I would make clear distinction between risk of AGI going rogue and AGI being used by people with poor ethics. In general, the problem of preventing a machine of accidentally doing due to malfunction is very different from preventing people from malicious use. If the idea of AI scientist can solve the first problem then it is worth promotion.
Preventing bad actors from using AI is difficult in general because they could use open source version or develop one on their own - especially the state actors could do that. Thus, IMHO the best way to prevent, for example North Korea decides to use AI against US is for the US to have superior AI on its own.
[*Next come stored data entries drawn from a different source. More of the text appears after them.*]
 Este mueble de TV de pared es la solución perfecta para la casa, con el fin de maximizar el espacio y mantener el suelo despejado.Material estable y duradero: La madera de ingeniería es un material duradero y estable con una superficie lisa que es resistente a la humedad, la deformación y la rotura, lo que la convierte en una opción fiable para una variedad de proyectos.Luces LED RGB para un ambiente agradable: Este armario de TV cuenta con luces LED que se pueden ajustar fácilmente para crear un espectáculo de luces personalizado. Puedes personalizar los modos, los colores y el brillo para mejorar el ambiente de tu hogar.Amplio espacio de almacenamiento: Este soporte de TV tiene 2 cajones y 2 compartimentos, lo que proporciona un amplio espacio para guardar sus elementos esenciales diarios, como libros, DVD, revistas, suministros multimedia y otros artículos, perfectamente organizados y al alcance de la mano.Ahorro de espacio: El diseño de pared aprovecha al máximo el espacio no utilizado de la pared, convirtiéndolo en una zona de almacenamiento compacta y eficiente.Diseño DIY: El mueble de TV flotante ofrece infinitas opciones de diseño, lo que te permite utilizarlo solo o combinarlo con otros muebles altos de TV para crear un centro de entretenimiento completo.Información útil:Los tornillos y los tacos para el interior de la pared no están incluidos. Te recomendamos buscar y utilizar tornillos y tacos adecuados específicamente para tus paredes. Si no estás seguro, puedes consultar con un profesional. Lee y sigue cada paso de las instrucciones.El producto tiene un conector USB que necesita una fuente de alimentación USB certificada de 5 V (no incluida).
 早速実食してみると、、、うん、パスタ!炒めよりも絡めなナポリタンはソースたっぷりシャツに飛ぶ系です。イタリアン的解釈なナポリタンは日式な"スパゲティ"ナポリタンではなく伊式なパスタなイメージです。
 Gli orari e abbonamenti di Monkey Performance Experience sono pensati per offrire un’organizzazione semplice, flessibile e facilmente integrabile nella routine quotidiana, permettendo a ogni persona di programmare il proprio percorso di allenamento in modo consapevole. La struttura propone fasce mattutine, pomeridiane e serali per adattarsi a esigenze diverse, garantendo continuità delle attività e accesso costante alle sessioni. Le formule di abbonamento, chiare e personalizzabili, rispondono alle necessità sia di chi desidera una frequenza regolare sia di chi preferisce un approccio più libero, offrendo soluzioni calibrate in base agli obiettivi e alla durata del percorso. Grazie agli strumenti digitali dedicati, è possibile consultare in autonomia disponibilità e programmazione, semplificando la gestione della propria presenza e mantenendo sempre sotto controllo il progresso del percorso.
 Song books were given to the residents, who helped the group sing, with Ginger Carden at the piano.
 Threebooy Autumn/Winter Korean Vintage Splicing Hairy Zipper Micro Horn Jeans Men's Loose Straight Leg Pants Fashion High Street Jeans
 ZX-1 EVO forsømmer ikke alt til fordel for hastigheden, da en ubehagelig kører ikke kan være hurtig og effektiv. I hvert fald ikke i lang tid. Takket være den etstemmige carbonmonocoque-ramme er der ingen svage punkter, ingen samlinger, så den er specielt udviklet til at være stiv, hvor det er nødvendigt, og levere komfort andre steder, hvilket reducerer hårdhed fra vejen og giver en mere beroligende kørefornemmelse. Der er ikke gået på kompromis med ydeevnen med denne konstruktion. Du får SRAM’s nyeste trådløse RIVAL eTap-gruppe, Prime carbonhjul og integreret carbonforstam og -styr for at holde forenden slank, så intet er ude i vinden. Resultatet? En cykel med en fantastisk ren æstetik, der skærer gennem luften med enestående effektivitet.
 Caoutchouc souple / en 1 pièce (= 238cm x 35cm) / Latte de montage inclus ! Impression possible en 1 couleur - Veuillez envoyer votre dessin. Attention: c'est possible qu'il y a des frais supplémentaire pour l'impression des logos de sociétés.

How about using Yoshua Bengio's AI scientist (https://yoshuabengio.org/2023/05/07/ai-scientists-safe-and-useful-ai/) for alignment? The idea for AI scientist is to train AI to just understand the world (quite like LLMs do) but don't do any human values alignment. AI scientist just sincerely answers questions but doesn't consider any implications of providing the answer or whether humans like the answer or not. It doesn't have any goals.
When user asks the main autonomous system to produce detailed plan to achieve the given goal - this plan may be too complicated to be understood for human. Human may not spot potential hidden agenda. But AI scientist may be used to look at the plan and answer the questions about potential implications - can it be illegal, controversial, harm any humans, etc. Wouldn't that prevent rogue AGI scenario?